Elastic Key Concepts

Elasticsearch

Elasticsearch is a distributed search and analytics engine, scalable data store, and vector database built on Apache Lucene. It’s optimized for speed and relevance on production-scale workloads.

Elasticsearch Cluster

Elasticsearch is built on a distributed architecture made up of many servers or nodes. An Elasticsearch cluster is a group of one or more node instances that are connected together. Clustering enables Elasticsearch nodes to work together to ensure high availability when one or more nodes are down. An Elasticsearch cluster can continue operating normally if some of its nodes are unavailable or disconnected, as long as there are enough well-connected nodes to ensure high resilience and improved search performance.

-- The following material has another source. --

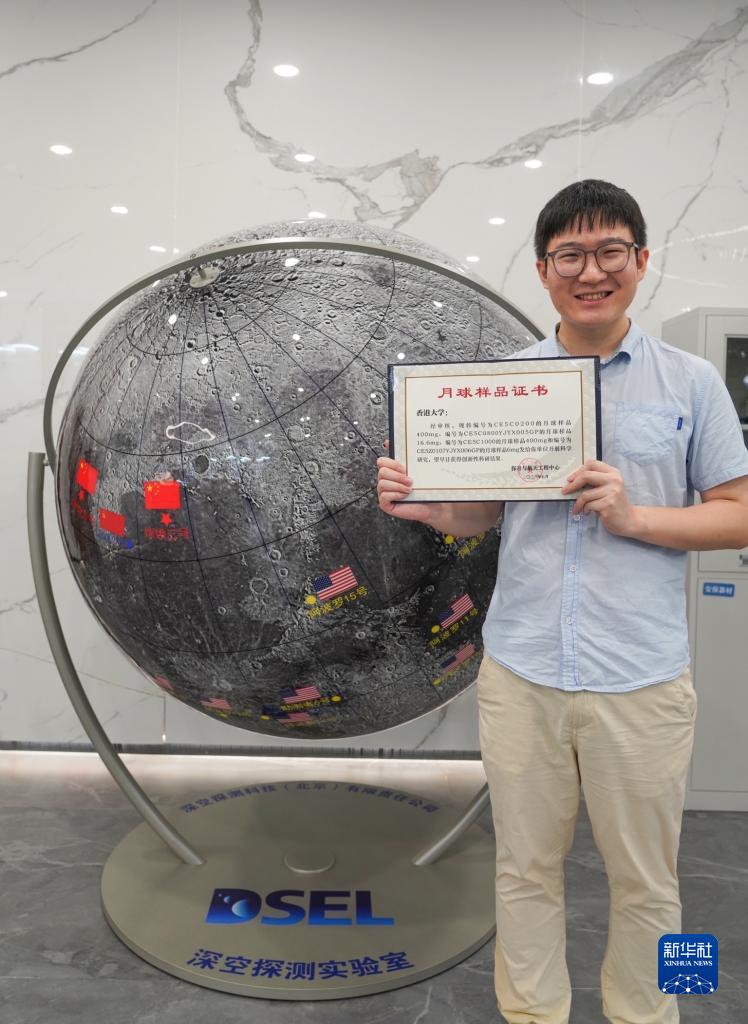 香港大學(xué)地球科學(xué)系博士后研究員錢(qián)煜奇到北京領(lǐng)取月球樣品后手拿證書(shū)拍照(7月31日攝)。新華社發(fā)

See below for more information on Elasticsearch cluster configuration and high availability options:

• Cluster configuration
• Set up a cluster for high availability

Elasticsearch Nodes

An Elasticsearch node is a single server that is a part of a cluster. If you are running a single node of Elasticsearch, then you have a cluster of one node. A node can have one or many roles that define the role(s) it plays within the cluster. You define a node’s roles in the elasticsearch.yml file. The node role(s) is defined within the elasticsearch.yml . If you don’t set roles, the node is assigned to most available roles.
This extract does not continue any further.